◆ What you are asked to do: Up to and including the line with "NOTE: Many countries", output the records exactly as they appear.

◆ Data listing:
********************
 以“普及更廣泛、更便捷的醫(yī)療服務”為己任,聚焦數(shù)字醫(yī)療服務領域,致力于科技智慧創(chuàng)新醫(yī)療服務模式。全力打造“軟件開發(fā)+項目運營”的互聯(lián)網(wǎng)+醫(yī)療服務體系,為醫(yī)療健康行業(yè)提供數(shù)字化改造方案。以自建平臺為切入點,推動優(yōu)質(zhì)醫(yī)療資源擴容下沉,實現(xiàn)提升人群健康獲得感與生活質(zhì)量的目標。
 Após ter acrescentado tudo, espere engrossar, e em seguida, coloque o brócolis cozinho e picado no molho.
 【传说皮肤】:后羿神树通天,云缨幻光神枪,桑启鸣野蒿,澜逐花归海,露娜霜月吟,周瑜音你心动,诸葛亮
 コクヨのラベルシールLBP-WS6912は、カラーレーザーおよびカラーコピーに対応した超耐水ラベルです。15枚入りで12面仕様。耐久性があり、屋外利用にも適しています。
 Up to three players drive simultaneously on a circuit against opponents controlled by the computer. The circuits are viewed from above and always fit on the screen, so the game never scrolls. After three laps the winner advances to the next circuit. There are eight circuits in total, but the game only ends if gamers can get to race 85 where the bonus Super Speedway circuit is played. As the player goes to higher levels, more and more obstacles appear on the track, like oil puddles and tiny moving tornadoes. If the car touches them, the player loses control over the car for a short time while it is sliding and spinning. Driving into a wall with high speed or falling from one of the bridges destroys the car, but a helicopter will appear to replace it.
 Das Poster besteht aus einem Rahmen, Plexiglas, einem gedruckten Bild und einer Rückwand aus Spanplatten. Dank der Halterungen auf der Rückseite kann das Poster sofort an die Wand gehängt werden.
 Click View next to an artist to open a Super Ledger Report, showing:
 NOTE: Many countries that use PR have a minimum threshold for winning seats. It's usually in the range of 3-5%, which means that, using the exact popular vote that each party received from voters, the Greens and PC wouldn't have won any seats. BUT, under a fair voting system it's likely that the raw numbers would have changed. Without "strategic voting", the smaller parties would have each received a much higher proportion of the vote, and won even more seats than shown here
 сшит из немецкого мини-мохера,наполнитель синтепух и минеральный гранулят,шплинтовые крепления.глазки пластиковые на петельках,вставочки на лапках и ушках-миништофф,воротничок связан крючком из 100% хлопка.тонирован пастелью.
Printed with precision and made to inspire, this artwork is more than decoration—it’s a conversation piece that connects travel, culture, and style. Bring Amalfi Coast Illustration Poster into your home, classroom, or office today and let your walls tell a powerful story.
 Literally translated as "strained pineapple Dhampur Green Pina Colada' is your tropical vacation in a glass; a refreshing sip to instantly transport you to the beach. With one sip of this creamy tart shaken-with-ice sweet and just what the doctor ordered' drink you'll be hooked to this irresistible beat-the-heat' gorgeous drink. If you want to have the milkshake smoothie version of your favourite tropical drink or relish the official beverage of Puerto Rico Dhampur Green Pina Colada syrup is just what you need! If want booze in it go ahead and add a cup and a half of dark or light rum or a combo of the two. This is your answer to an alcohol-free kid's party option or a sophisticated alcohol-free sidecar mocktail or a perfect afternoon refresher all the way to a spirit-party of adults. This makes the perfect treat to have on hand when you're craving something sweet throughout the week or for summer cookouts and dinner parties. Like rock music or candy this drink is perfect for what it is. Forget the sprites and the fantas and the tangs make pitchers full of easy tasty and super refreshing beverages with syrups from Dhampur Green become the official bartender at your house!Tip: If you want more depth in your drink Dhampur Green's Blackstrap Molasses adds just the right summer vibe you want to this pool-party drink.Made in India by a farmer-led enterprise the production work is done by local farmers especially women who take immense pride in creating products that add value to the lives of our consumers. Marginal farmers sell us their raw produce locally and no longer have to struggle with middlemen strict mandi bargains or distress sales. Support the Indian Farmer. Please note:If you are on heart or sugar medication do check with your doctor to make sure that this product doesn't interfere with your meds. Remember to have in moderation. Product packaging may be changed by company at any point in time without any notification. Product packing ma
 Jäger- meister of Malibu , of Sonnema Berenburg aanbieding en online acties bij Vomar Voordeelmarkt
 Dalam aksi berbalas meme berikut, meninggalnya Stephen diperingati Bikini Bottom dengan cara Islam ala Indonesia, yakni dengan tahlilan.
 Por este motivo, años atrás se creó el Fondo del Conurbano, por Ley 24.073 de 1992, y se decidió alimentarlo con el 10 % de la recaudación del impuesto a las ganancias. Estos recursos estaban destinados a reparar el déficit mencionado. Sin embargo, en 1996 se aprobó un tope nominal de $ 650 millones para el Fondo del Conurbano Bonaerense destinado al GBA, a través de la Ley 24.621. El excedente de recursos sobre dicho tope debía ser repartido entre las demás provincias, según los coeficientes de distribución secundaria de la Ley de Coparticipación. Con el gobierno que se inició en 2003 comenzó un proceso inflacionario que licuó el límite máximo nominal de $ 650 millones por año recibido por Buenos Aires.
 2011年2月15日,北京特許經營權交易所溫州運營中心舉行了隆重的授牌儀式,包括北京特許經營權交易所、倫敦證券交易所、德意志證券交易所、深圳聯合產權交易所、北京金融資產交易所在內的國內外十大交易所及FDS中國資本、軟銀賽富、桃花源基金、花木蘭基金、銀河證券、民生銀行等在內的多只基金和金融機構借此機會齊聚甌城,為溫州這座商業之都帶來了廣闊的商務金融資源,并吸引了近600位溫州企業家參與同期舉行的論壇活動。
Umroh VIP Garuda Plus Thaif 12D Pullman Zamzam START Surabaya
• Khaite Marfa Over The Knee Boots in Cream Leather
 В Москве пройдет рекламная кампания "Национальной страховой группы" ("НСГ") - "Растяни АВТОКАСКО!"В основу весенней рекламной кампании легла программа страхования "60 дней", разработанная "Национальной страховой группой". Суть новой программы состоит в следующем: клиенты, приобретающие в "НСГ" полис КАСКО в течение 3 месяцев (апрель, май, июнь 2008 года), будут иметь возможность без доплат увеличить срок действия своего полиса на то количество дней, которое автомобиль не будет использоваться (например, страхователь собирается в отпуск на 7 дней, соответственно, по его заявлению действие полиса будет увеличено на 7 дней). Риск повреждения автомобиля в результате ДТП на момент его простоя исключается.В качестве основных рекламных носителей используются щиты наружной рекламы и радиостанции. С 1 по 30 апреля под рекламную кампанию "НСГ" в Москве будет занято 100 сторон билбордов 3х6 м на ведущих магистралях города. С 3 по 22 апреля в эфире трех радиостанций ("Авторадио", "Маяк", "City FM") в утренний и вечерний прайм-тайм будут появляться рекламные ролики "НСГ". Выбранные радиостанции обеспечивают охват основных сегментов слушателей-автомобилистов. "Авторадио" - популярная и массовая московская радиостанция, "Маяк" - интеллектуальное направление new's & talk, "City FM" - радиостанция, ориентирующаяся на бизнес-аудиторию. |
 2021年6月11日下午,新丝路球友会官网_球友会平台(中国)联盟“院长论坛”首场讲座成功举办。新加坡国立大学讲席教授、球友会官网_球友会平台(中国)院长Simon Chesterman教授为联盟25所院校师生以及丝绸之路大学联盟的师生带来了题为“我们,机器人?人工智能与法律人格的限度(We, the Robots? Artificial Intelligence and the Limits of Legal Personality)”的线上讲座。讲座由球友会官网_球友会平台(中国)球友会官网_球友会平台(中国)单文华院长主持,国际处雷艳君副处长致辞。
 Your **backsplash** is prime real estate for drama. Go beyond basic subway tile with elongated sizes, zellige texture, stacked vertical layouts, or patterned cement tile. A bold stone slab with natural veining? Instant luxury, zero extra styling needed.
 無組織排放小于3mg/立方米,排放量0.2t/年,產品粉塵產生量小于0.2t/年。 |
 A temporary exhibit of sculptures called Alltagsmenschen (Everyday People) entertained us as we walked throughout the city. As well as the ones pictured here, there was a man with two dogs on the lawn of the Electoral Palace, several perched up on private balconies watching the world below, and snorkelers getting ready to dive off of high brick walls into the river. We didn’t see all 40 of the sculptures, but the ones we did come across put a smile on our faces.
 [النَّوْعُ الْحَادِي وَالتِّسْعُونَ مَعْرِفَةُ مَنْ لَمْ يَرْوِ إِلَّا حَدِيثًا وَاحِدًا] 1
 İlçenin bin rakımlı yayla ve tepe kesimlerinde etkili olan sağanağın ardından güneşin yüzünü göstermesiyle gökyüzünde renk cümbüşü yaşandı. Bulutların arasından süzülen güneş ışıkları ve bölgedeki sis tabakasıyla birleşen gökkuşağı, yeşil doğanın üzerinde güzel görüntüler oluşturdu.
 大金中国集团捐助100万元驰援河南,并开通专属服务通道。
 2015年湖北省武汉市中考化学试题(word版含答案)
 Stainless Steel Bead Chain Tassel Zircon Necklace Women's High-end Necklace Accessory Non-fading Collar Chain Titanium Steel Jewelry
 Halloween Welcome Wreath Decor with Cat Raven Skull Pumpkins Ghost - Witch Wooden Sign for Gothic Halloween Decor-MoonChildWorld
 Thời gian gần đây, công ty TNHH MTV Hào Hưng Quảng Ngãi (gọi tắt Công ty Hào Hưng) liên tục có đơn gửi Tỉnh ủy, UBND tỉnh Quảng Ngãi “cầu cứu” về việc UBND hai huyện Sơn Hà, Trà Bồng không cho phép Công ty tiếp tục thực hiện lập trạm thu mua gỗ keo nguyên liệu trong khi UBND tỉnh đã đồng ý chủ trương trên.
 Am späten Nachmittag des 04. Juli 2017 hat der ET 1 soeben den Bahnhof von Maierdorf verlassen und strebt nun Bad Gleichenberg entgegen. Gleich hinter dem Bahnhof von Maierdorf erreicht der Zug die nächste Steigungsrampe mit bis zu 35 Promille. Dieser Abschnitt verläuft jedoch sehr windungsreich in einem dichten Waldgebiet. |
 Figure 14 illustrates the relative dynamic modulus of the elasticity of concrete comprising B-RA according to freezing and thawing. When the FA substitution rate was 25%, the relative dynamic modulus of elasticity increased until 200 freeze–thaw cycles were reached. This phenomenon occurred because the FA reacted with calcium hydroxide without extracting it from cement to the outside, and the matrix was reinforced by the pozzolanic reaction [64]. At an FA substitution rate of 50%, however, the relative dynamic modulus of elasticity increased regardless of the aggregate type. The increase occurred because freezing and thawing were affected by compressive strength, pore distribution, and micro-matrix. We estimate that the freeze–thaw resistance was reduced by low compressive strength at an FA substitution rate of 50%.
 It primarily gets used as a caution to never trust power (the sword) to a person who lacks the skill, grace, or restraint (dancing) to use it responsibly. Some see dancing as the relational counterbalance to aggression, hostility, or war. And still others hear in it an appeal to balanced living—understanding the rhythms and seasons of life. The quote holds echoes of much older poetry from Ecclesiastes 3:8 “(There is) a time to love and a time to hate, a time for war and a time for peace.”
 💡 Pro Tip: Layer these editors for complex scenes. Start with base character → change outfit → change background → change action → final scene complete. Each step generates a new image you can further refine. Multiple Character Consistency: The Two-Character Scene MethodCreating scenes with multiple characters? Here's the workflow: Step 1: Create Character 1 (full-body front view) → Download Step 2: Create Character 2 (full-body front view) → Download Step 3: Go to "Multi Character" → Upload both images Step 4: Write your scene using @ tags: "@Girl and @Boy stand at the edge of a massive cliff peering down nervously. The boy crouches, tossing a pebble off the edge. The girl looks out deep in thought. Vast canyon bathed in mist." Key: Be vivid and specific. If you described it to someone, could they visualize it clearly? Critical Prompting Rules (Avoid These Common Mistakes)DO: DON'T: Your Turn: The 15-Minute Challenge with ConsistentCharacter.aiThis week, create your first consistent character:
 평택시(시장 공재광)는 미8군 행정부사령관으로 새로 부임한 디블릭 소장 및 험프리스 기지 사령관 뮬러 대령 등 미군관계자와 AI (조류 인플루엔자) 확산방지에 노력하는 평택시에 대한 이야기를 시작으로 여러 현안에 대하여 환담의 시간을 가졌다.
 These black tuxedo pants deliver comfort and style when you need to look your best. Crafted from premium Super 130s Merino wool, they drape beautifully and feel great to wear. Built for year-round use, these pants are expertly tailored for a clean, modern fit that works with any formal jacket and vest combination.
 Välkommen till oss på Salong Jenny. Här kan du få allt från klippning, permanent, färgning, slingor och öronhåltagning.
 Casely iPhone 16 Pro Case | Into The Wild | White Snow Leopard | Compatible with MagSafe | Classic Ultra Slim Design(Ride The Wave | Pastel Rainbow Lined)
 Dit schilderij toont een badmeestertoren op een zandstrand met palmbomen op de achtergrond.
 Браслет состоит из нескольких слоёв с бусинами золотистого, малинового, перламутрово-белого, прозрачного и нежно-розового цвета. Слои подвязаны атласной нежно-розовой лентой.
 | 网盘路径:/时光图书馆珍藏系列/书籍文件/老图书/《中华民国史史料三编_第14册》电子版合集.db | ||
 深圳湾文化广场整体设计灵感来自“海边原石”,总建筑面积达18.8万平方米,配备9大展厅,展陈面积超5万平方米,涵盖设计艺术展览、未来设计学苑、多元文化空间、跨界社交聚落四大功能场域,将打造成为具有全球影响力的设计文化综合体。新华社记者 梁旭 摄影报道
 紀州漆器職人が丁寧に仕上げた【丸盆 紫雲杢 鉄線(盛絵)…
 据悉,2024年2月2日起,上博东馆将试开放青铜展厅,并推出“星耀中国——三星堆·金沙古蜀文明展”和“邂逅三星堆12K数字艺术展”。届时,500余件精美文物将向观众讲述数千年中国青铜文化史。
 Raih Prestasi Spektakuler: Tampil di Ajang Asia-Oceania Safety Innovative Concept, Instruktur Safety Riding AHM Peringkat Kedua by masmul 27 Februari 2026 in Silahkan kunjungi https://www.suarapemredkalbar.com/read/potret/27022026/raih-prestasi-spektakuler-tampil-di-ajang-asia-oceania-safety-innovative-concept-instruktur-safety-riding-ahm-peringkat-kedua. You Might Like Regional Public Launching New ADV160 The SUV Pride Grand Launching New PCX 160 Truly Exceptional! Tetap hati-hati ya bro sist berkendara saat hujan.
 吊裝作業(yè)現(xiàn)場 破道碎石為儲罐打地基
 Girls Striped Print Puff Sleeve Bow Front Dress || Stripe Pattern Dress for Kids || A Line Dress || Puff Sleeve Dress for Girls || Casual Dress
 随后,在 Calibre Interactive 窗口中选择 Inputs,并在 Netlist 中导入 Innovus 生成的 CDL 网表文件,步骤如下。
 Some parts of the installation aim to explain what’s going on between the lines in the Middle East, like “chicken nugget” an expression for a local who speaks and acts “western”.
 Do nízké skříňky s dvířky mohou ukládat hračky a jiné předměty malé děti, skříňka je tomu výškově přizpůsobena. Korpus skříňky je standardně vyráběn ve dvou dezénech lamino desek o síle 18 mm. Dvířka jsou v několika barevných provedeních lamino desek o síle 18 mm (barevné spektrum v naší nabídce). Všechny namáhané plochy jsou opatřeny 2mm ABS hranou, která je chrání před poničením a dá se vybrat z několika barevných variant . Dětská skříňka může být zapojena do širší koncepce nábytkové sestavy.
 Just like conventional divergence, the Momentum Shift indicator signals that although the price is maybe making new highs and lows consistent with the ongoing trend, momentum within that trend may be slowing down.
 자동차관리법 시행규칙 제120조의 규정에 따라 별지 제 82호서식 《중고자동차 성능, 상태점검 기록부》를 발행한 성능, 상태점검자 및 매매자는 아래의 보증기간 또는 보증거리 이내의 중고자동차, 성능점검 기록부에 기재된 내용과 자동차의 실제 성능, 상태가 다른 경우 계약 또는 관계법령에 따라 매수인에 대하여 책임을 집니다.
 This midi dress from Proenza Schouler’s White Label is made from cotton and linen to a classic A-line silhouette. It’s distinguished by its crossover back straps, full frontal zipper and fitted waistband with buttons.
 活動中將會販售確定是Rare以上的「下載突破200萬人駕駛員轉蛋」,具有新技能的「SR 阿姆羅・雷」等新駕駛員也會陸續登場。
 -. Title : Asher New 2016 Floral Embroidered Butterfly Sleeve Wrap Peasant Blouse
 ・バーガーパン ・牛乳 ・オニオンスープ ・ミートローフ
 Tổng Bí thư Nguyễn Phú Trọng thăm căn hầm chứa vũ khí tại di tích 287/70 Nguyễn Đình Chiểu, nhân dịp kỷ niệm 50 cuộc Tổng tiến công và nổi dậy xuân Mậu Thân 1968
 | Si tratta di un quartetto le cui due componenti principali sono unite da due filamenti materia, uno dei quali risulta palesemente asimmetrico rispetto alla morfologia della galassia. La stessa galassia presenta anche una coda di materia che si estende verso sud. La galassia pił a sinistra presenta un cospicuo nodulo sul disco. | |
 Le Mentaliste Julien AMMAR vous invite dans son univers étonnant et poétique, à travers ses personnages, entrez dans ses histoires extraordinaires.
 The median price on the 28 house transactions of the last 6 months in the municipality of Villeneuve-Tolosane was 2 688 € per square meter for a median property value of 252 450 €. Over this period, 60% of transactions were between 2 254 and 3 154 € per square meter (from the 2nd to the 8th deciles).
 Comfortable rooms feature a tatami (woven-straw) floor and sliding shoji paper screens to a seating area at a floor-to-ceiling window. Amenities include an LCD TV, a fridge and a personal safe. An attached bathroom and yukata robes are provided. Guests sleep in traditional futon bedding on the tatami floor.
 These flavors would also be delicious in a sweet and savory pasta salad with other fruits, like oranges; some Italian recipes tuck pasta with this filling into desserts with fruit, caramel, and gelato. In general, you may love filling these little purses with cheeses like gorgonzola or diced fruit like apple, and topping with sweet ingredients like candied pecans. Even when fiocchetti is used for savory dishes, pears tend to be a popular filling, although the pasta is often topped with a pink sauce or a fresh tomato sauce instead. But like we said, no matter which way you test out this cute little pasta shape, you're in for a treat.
********************
◆ Exercise result:
 以“普及更廣泛、更便捷的醫(yī)療服務”為己任,聚焦數(shù)字醫(yī)療服務領域,致力于科技智慧創(chuàng)新醫(yī)療服務模式。全力打造“軟件開發(fā)+項目運營”的互聯(lián)網(wǎng)+醫(yī)療服務體系,為醫(yī)療健康行業(yè)提供數(shù)字化改造方案。以自建平臺為切入點,推動優(yōu)質(zhì)醫(yī)療資源擴容下沉,實現(xiàn)提升人群健康獲得感與生活質(zhì)量的目標。
 Após ter acrescentado tudo, espere engrossar, e em seguida, coloque o brócolis cozinho e picado no molho.
 【传说皮肤】:后羿神树通天,云缨幻光神枪,桑启鸣野蒿,澜逐花归海,露娜霜月吟,周瑜音你心动,诸葛亮
 コクヨのラベルシールLBP-WS6912は、カラーレーザーおよびカラーコピーに対応した超耐水ラベルです。15枚入りで12面仕様。耐久性があり、屋外利用にも適しています。
 Up to three players drive simultaneously on a circuit against opponents controlled by the computer. The circuits are viewed from above and always fit on the screen, so the game never scrolls. After three laps the winner advances to the next circuit. There are eight circuits in total, but the game only ends if gamers can get to race 85 where the bonus Super Speedway circuit is played. As the player goes to higher levels, more and more obstacles appear on the track, like oil puddles and tiny moving tornadoes. If the car touches them, the player loses control over the car for a short time while it is sliding and spinning. Driving into a wall with high speed or falling from one of the bridges destroys the car, but a helicopter will appear to replace it.
 Das Poster besteht aus einem Rahmen, Plexiglas, einem gedruckten Bild und einer Rückwand aus Spanplatten. Dank der Halterungen auf der Rückseite kann das Poster sofort an die Wand gehängt werden.
 Click View next to an artist to open a Super Ledger Report, showing:
 NOTE: Many countries that use PR have a minimum threshold for winning seats. It's usually in the range of 3-5%, which means that, using the exact popular vote that each party received from voters, the Greens and PC wouldn't have won any seats. BUT, under a fair voting system it's likely that the raw numbers would have changed. Without "strategic voting", the smaller parties would have each received a much higher proportion of the vote, and won even more seats than shown here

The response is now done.